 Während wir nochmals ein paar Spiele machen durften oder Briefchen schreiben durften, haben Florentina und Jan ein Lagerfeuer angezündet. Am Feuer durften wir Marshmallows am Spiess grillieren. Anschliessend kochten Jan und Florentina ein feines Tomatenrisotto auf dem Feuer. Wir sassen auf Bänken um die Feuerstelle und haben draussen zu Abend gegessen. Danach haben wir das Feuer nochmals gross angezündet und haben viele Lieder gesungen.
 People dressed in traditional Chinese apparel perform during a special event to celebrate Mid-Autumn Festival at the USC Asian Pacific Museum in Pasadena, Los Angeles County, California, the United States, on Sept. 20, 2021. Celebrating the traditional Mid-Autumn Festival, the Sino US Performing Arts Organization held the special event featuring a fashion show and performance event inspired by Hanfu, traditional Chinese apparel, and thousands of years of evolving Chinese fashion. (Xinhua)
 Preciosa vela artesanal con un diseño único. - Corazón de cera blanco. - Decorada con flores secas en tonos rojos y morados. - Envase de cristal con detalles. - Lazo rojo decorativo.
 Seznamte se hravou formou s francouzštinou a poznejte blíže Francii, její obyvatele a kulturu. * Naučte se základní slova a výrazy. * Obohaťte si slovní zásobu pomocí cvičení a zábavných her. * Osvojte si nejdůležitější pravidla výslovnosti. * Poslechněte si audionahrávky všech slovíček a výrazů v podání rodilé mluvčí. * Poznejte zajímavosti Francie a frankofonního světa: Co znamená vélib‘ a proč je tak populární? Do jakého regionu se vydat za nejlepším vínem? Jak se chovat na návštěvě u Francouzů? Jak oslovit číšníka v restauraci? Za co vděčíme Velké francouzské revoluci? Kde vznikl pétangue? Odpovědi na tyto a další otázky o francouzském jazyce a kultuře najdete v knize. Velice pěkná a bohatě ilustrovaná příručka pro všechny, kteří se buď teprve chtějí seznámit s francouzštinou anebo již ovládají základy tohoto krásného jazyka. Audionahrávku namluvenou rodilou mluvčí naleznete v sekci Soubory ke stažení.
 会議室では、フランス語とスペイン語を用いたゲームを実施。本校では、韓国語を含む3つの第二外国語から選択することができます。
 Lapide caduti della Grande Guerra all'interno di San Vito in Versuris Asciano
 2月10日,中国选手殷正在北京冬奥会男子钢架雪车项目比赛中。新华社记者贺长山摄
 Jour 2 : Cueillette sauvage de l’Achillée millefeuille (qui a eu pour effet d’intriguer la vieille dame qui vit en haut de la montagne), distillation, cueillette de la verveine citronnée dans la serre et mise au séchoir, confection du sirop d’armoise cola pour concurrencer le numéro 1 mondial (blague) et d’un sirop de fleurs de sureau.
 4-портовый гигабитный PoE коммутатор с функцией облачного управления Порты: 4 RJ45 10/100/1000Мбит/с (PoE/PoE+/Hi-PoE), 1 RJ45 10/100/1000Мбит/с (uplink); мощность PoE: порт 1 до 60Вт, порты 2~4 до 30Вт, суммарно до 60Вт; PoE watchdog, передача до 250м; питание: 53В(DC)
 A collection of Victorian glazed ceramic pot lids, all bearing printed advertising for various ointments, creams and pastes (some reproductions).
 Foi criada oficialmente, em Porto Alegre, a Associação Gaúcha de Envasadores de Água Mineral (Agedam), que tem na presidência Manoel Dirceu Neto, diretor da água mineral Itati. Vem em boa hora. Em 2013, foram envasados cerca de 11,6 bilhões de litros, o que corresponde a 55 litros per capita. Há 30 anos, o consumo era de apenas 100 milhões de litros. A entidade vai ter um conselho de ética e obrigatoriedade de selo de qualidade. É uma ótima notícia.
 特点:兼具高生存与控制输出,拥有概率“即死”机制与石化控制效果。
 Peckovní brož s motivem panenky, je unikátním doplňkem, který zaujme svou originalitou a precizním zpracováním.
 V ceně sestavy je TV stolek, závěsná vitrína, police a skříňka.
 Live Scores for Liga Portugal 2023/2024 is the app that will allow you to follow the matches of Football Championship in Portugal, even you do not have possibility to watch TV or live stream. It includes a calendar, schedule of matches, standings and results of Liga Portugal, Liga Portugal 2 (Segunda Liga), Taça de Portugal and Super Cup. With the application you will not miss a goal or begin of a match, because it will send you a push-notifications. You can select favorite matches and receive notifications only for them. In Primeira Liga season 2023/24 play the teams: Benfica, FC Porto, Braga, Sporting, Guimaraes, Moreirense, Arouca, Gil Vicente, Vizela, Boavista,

#### Requirement:
Take from the material above the lines running from the one with "Lapide caduti della" through the one with "2月10日,中国选手殷正在北京冬奥会男子钢架雪车项目比赛中。新华社记者贺长山摄", and repeat them exactly, with nothing else.

#### Task result:
 Lapide caduti della Grande Guerra all'interno di San Vito in Versuris Asciano
 2月10日,中国选手殷正在北京冬奥会男子钢架雪车项目比赛中。新华社记者贺长山摄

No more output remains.